Le sujet d’une fugue
Plus simplement, tout apprentissage professionnel d’écriture comprend dans son cursus des mises en loge. En cours de fugue, voici un exemple d’énoncé que l’étudiant reçoit en début de mise en loge sous forme d’un sujet, courte ligne mélodique, base de tout l’édifice qu’il va lui falloir échafauder :
Faites l’expérience : en lisant le sujet d’une fugue, c’est-à-dire l’entrée de la première voix tant qu’elle est seule et en écoutant l’ensemble de la fugue terminée, on peut saisir tout l’effort de concentration nécessaire au compositeur placé en mise en loge, pour qu’il anticipe l’audition complète, à la table, sans instrument, du résultat final.
Dur retour au monde extérieur
Cela me rappelle la mise en loge terminale de mes études de fugue au CNSMD de Paris où nous devions composer sans l’aide d’un piano une fugue complète dans le style de Robert Schumann.

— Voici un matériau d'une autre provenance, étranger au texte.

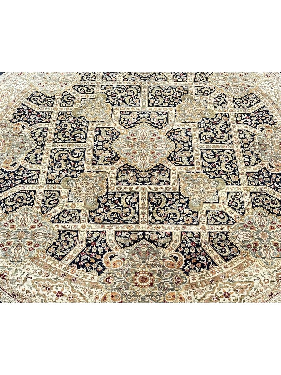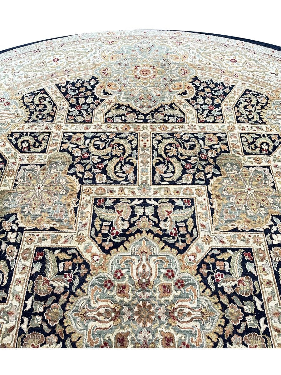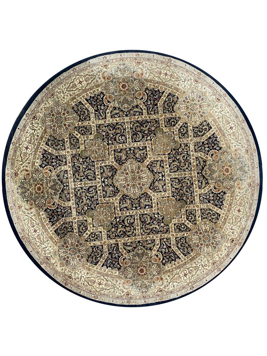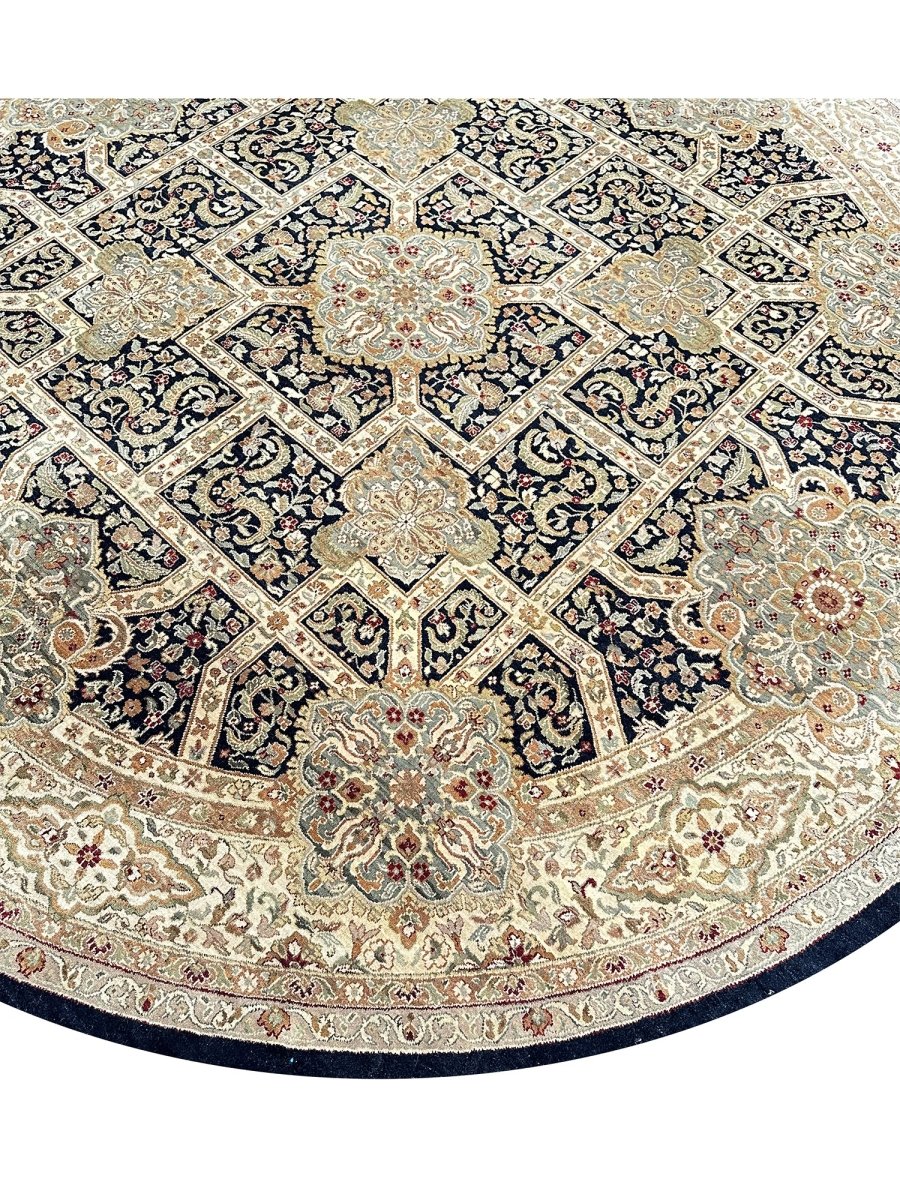 Upgrade your home with the 10' Round Persian Design Area Rug, a unique treasure that adds a touch of classic elegance to any space. Handmade from high-quality wool, this stunning traditional rug features a floral design that enhances your decor. It creates a friendly atmosphere the luxurious colors of black, beige, brown, and green make it a wonderful addition to your home. This amazing rug not only serves a functional purpose but also acts as an eye-catching centerpiece in your room. Enjoy free shipping in the US.
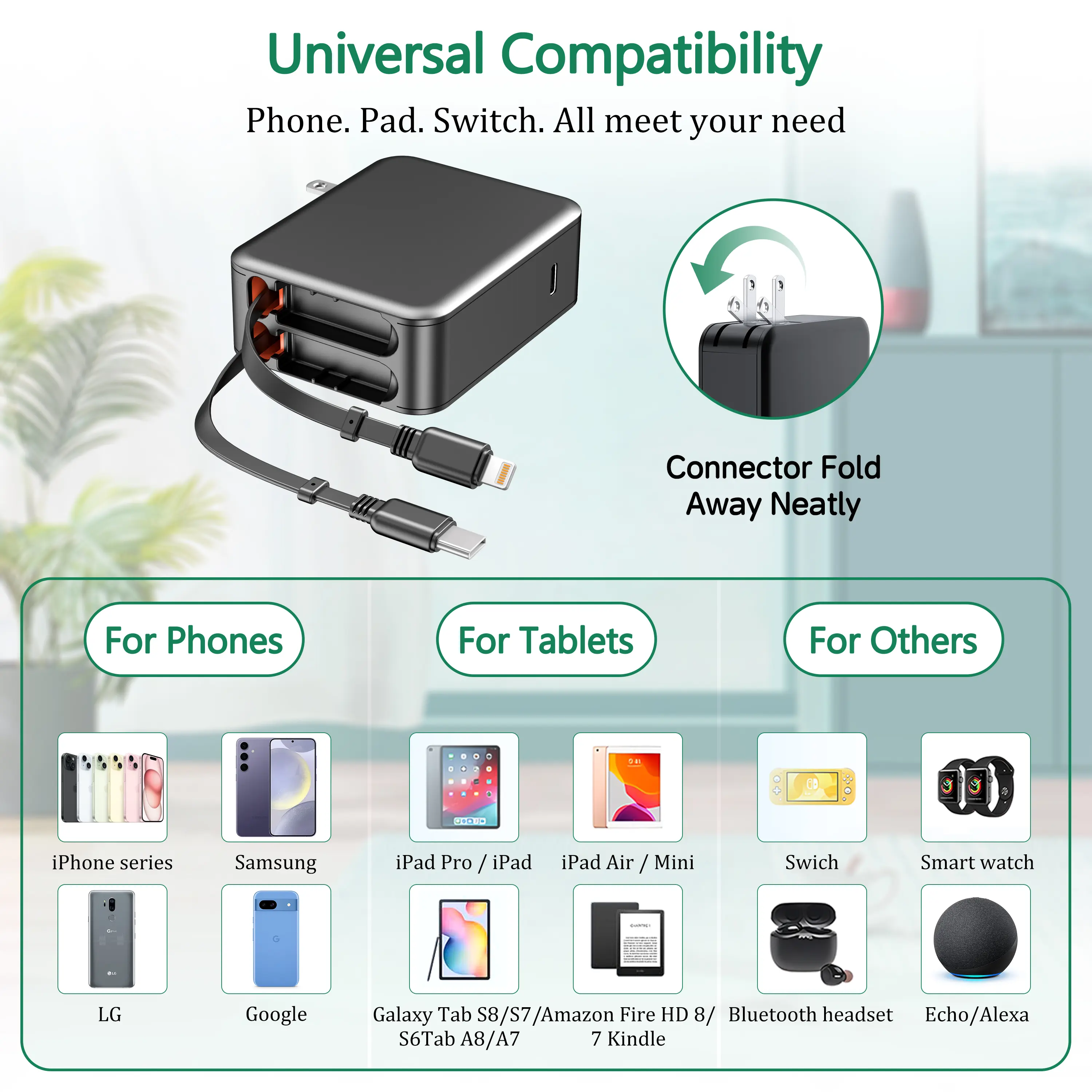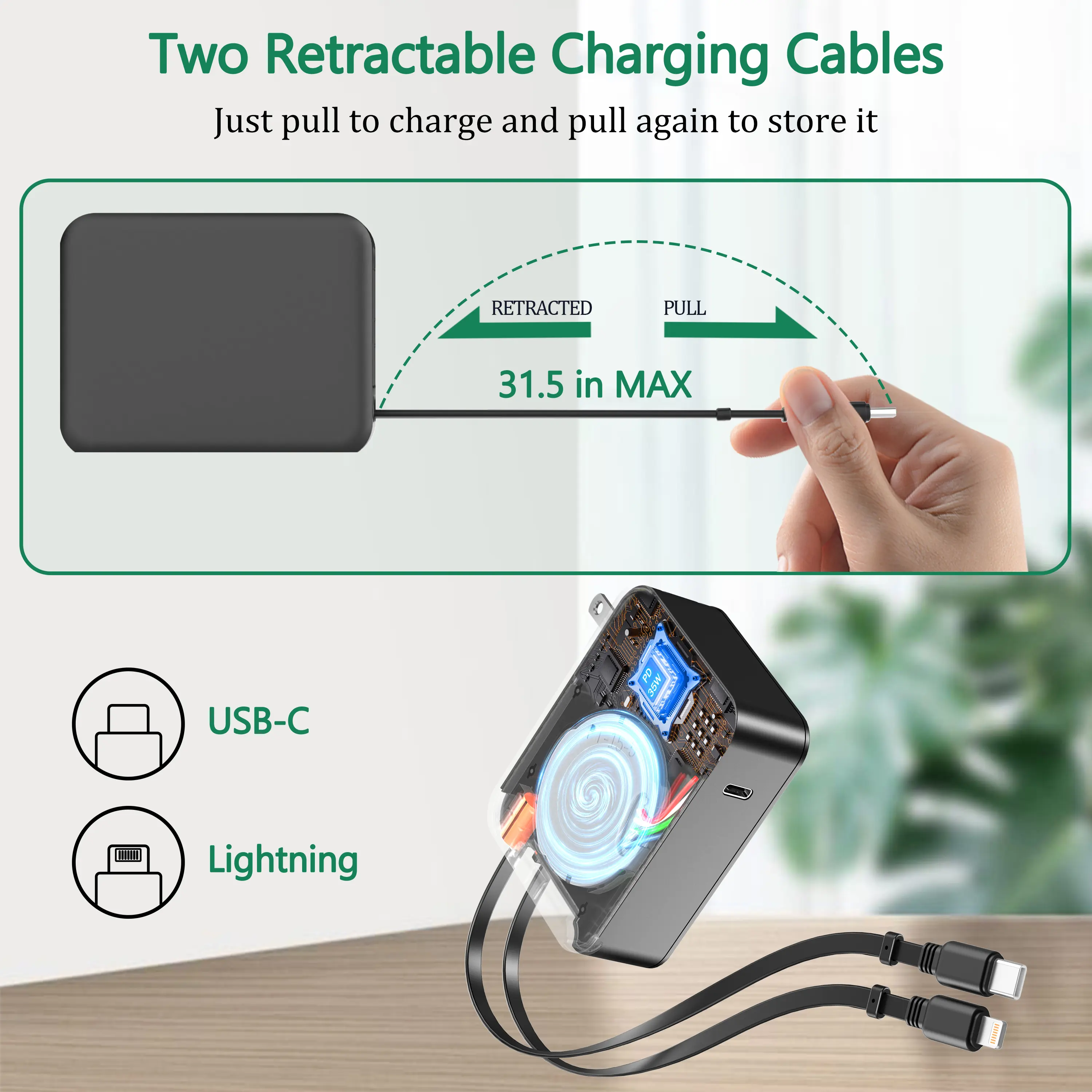 This innovative wall charger features two retractable charging cables that extend up to 31.5 inches and retract automatically for hassle-free, tangle-free storage. Whether at home, the office, or on the go, simply fold the plug, retract the cables, and slip it into your pocket or bag. (Package includes: 1 x Retractable Wall Charger)
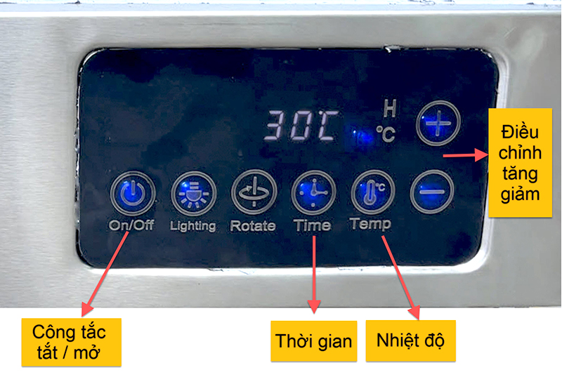 - Sau khi cài đặt xong, máy sẽ tiến hành sấy theo mức nhiệt và thời gian cài đặt
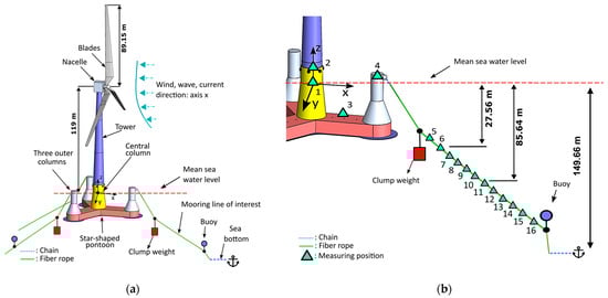 (a) The OO-Star Wind Floater Semi 10 MW FOWT and (b) the measuring positions on the synthetic fiber rope and the floater. The numerical labels alongside the measuring position symbols represent the corresponding measuring positions
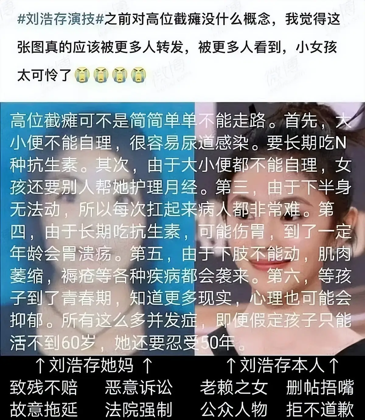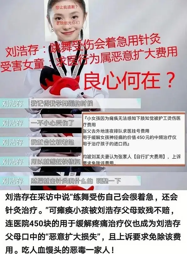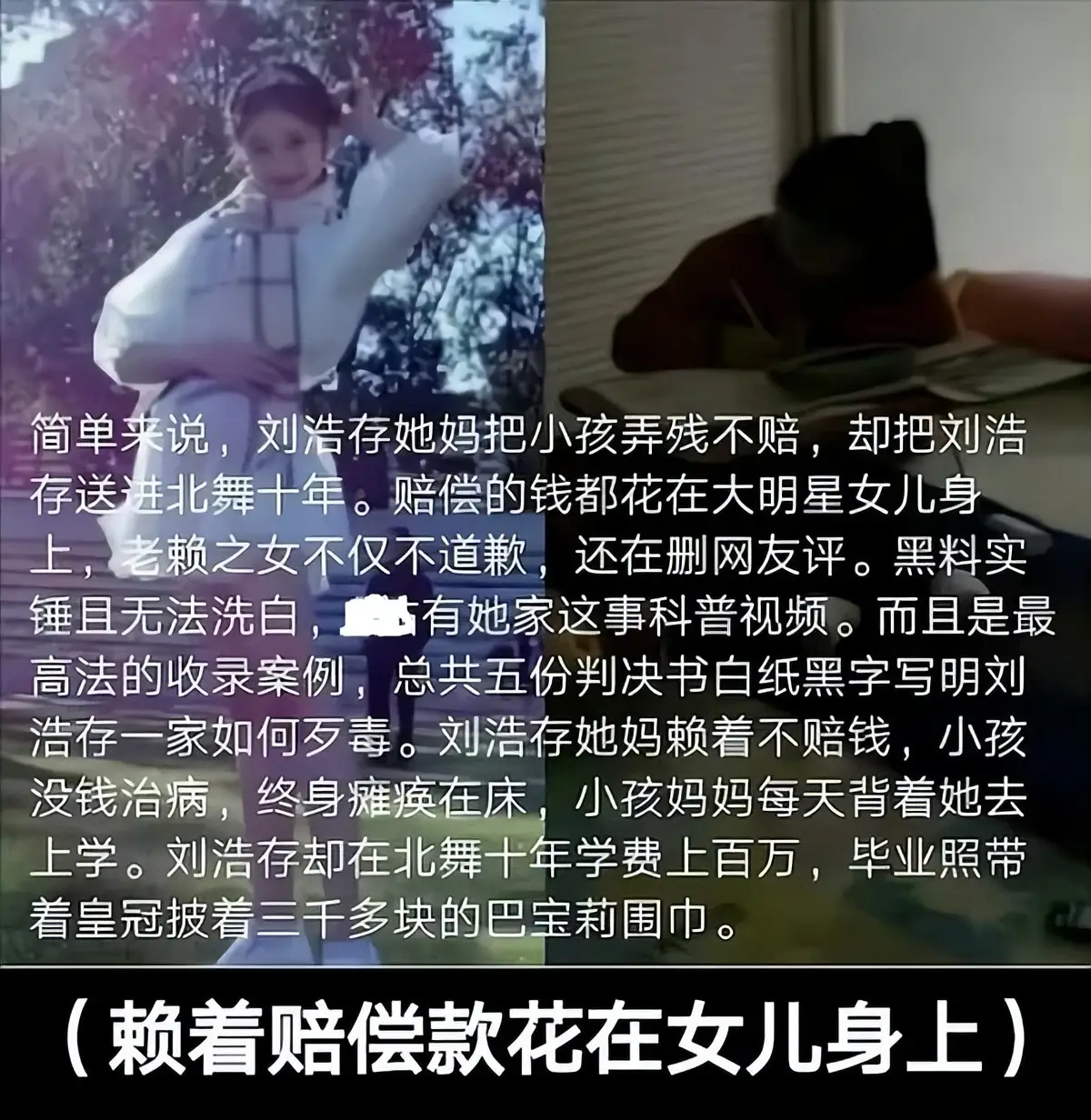 而这期间,刘浩存接受着最好的舞蹈教育,过着优渥的生活,受害者小女孩却只能终身依赖父母照顾生理。能说无辜吗?

Une vingtaine d’heures plus tard, comme tous mes camarades « mis en loge » dans un studio du Conservatoire, rue de Madrid à Paris, je remettais ma composition à l’appariteur de service, reprenais ma voiture (vaillante 2 chevaux) garée dans le quartier et, arrivé place du Général de Gaulle en pleine nuit, ne réagissait pas assez vite quand le conducteur de la voiture qui me précédait freinait soudainement : c’était l’accident !
Vingt heures d’audition intérieure en loge et le monde extérieur se rappelait brusquement à moi ! Pourtant, cet examen reste dans ma mémoire un excellent souvenir surtout lorsque Philippe Lefèvre interpréta ma réalisation dans la salle d’orgue. Le meilleur moment est vraiment celui où l’on peut comparer la sensation imaginée avec la sensation réalisée de l’œuvre par les musiciens. Et avouons-le honnêtement, Debussy lui-même en convenait, l’écoute de son œuvre réserve toujours des surprises et, par conséquent suscite des ajustements.